Monday, August 13, 2012

In defense of Lane Kiffin

Very few people in college football are as polarizing as USC's Lane Kiffin. He's much like the Miami Hurricanes of the 1980's - you either love him or hate him. There's no middle ground.

Regardless of how you feel about him, it's time that someone called out USA Today for revealing Lane Kiffin's ballot.

Let's quickly recap what happened. Reporters tell Kiffin that Rich Rodriguez voted USC as the number one team in the land. Kiffin responds: "I would not vote USC No.1, I can tell you that". Shortly afterward, USA Today publishes an article revealing that Kiffin placed the Trojans in top spot on his ballot.

Here's how the publication justified its interference:

"Each coach's vote normally is kept confidential until the final vote of the regular season under an agreement between USA TODAY Sports and the American Football Coaches Association.
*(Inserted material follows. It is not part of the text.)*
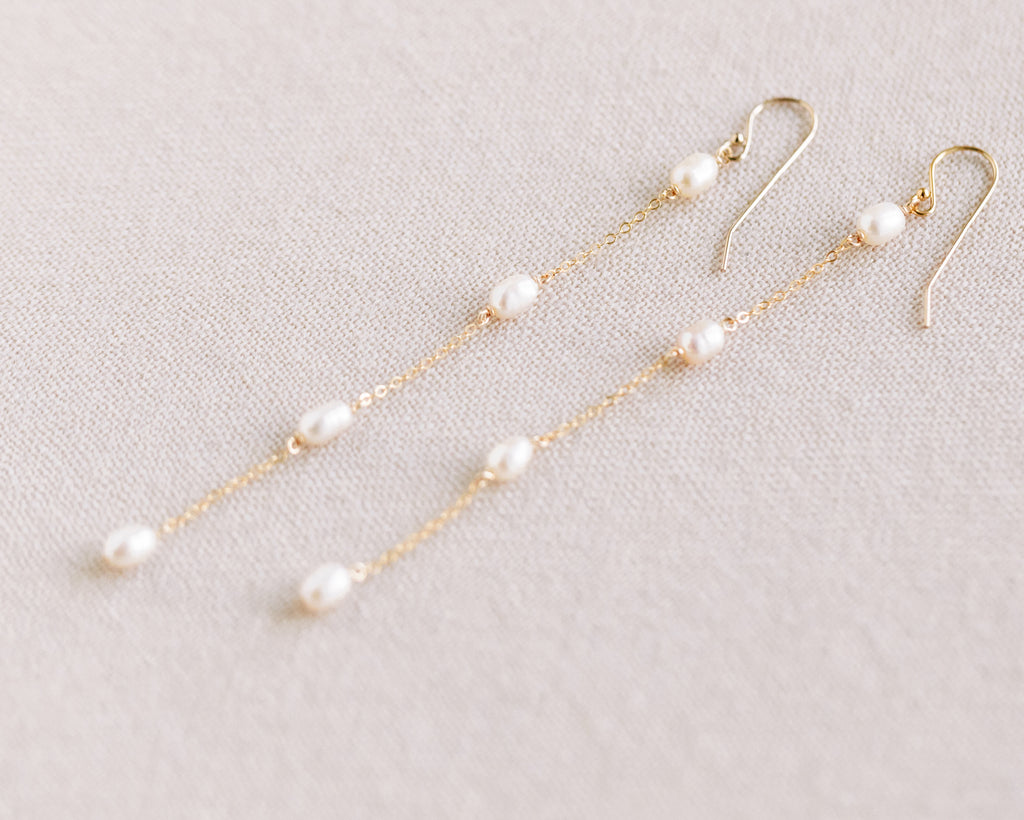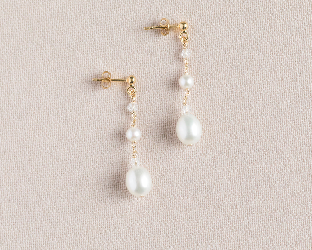 Bridal earrings handcrafted in our Ottawa, Canada studio. Made with freshwater pearls, Austrian crystals, and hypoallergenic precious metals (sterling silver and 14kt gold fill)

However, when a voter volunteers false or misleading information about his vote in public, then USA TODAY Sports, in its oversight role as administrator of the poll, will set the record straight to protect the poll's integrity."


This type of unprofessionalism makes me sick.
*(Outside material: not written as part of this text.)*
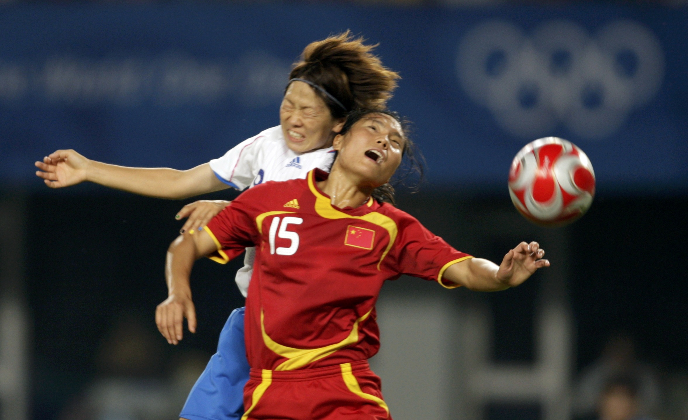 | Zhou Gaoping (red) of China and Aya Miyama of Japan fight for the ball during the women's quarterfinal soccer match at the Beijing 2008 Olympic Games in Qinhuangdao August 15, 2008. [Agencies] |

USA Today is fooling itself if it believes anything that Kiffin did damaged the integrity of its poll. Most of the coaches don't watch all of the games (and rightfully so because they're preparing for the next opponent), making the poll more of a beauty contest than an accurate assessment of a team's merits.

Even if, and that's a big if, Kiffin did provide false information, USA Today could have handled things much differently. If they felt that his comments did not reflect his ballot, they should have made an attempt to qualify his comments or at least place some sort of context around it, rather than writing a "liar, liar pants on fire" article about it.
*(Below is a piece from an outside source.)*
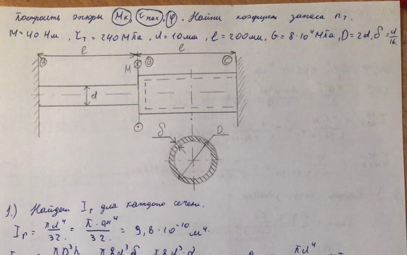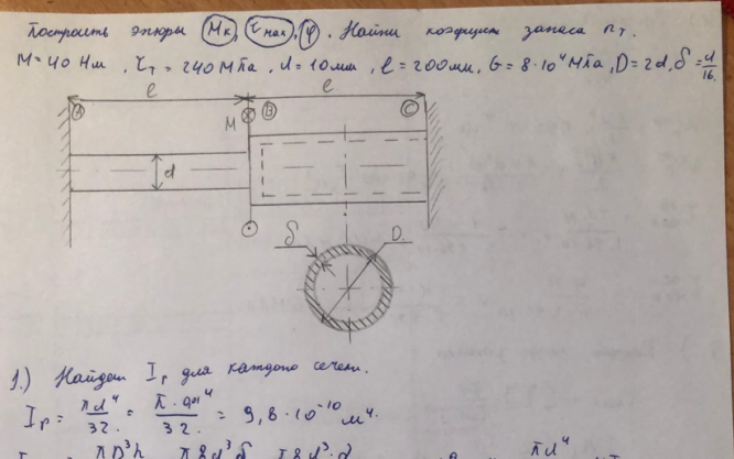 Типовой расчет по сопротивлению материалов №2 "Кручение", задача № 2.3, зачтено

More importantly, the USA Today Poll now has a credibility problem. As USC's Tim Tessalone pointed out, the poll told its participants that all ballots would remain confidential with the exception of the final poll. Giving this information to a reporter, or to anyone not involved with administration of the poll, breaches that agreement.

It's too bad the people over at USA Today chose to make the news, rather than report the news.